(Supplied material):
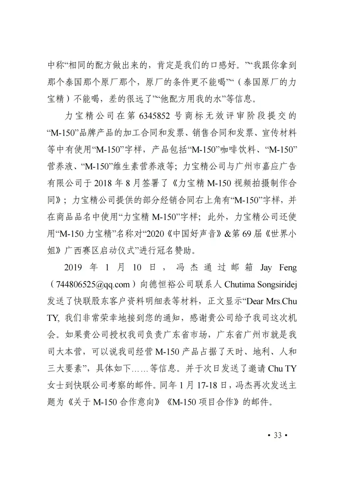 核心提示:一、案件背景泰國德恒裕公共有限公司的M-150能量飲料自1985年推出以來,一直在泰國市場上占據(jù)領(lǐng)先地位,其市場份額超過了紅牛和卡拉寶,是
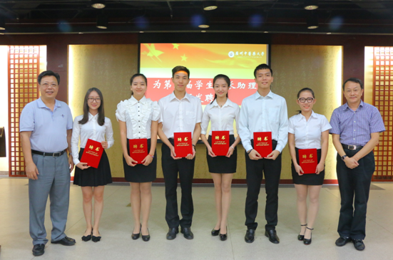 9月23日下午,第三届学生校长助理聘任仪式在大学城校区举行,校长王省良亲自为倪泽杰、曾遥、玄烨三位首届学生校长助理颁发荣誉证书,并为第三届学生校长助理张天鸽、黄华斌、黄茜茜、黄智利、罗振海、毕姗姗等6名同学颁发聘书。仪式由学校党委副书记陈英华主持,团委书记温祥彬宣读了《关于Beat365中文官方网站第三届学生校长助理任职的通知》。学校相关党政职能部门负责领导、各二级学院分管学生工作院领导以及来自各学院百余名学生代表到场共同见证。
---
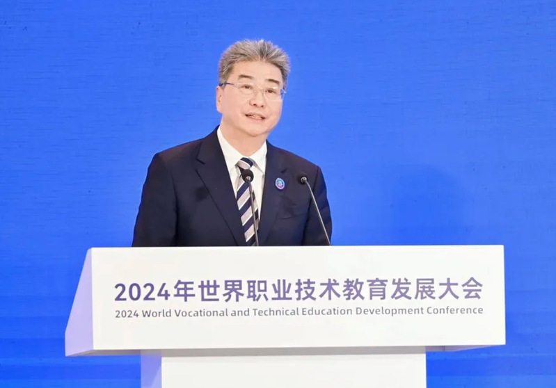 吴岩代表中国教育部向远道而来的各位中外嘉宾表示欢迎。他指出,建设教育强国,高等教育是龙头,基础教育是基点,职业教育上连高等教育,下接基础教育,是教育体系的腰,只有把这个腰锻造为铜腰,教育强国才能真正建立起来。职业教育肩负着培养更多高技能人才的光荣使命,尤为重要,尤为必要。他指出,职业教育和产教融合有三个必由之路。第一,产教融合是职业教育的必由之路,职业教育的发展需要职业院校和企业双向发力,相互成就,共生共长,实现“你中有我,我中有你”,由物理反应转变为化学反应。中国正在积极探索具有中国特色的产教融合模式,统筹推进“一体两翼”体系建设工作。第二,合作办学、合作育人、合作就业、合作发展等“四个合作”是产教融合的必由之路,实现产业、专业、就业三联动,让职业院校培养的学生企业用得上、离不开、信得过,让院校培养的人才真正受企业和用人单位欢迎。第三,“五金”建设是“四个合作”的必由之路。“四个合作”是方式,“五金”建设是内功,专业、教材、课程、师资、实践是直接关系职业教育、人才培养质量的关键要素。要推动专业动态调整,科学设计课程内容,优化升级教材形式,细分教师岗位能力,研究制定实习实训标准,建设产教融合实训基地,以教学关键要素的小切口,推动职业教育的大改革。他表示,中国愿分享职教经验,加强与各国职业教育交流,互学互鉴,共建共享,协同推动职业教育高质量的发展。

(Your instructions):
Using the entries above, reproduce word for word only the lines from the one that contains "核心提示:一、案件背景泰國德" to the one that contains "9月23日下午,第三届学生校", both ends included, and drop every picture.

(Problem solution):
 核心提示:一、案件背景泰國德恒裕公共有限公司的M-150能量飲料自1985年推出以來,一直在泰國市場上占據(jù)領(lǐng)先地位,其市場份額超過了紅牛和卡拉寶,是
 9月23日下午,第三届学生校长助理聘任仪式在大学城校区举行,校长王省良亲自为倪泽杰、曾遥、玄烨三位首届学生校长助理颁发荣誉证书,并为第三届学生校长助理张天鸽、黄华斌、黄茜茜、黄智利、罗振海、毕姗姗等6名同学颁发聘书。仪式由学校党委副书记陈英华主持,团委书记温祥彬宣读了《关于Beat365中文官方网站第三届学生校长助理任职的通知》。学校相关党政职能部门负责领导、各二级学院分管学生工作院领导以及来自各学院百余名学生代表到场共同见证。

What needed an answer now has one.